The extbody extension data structure is the following:

struct osl_extbody {
  osl_body_p body;
  int nb_access;   /**< Nb of access. */
  int * start;     /**< Array of nb_access start. */
  int * length;    /**< Array of nb_access length. */
};
typedef struct osl_extbody  osl_extbody_t;
typedef struct osl_extbody* osl_extbody_p;

Next: , Previous: , Up: Extensions   [Contents]

3.4.7 Loop Extension

Description

File Format

The coordinates extension file format respects the following grammar:

Loop_generic            ::= "<loop>" Num_loops Loop_list "</loop>"
Num_loops               ::= _Integer
Loop_list               ::= Loop Loop_list | (void) 
Loop                    ::= Iterator_name Nb_stmts Stmt_list 
		                        Private_variables Directive
Iterator_name           ::= _String
Nb_stmts                ::= _Integer
Stmt_list               ::= Stmt_id Stmt_list | (void)
Stmt_id                 ::= _Integer
Private_variables       ::= _String
Directive               ::= _Integer

With in the tags, the number of loops is provided on the first line. Next comes a series of loop structures. Within each loop, the first line contains the name of the iterator, next comes the number of statements in the loop followed by their identifiers separated by spaces. Next line contains the names of the private variables and in the end is the OpenMP pragma directive. In case there are no private variables to be declared for a loop, the special string "(null)" should replace their declaration as shown below.
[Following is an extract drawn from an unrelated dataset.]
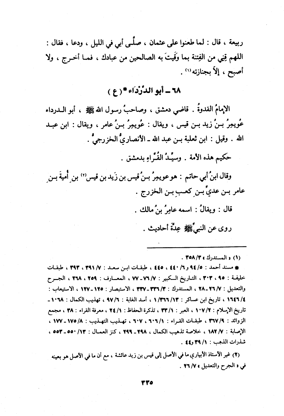 68 - أَبُو الدَّرْدَاءِ عُوَيْمِرُ بنُ زَيْدِ بنِ قَيْسٍ الأَنْصَارِيُّ * (ع)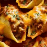This flavorful Taco Stuffed Shells recipe combines the comfort of Italian pasta with the bold spices of Mexican cuisine. Jumbo pasta shells are filled with a seasoned ground beef mixture, cream cheese, and enchilada sauce, then baked with salsa and cheese for a hearty, crowd-pleasing meal. Perfect for family dinners or entertaining, these stuffed shells offer a delicious twist on traditional taco ingredients in an easy-to-make baked pasta dish.

For instance, the following example is a correct textual loop extension containing two loops:

<loop>
# Number of loops
2
# ===========================================
# Loop number 1 
# Iterator name
t2
# Number of stmts
1
# Statement identifiers
1
# Private variables
lbv,ubv
# Directive
1
# ===========================================
# Loop number 2 
# Iterator name
t2
# Number of stmts
1
# Statement identifiers
2
# Private variables
(null)
# Directive
1
</loop>

The pragma directive can have one of the defined values: OSL_LOOP_DIRECTIVE_NONE, OSL_LOOP_DIRECTIVE_PARALLEL, OSL_LOOP_DIRECTIVE_MPI, or OSL_LOOP_DIRECTIVE_VECTOR.

Data Structure

The loop extension data structure is the following:

struct osl_loop {
  char * iter;             /* \0 terminated iterator name */
  int  nb_stmts;           /* Number of statements in the loop */
  int  *  stmt_ids;        /* Array of statement identifiers. */
  char * private_vars;     /* \0 terminated variable names */
  int  directive;          /* the OpenMP directive to implement */
  struct osl_loop * next;  /* pointer to the next element */
};
typedef struct osl_loop   osl_loop_t;
typedef struct osl_loop * osl_loop_p;

Next: , Previous: , Up: Extensions   [Contents]

3.4.8 Pluto unroll Extension

Description

File Format

The pluto_unroll extension file format respects the following grammar:

Pluto_unroll  ::= "<pluto_unroll>" Is_present Data_list "</pluto_unroll>"
Is_present    ::= _Integer
Iterator_name ::= _String
Is_Jam        ::= _Integer
Factor        ::= _Integer
Data          ::= Iterator_name Is_Jam Factor Is_present
Data_list     ::= Data_list Data | (void)

With in the tags, the first line indicates if data are provided. Next comes three lines: iteraror name, integer to know if jam or not and the unroll factor. Next line indicates if new data are provided, etc.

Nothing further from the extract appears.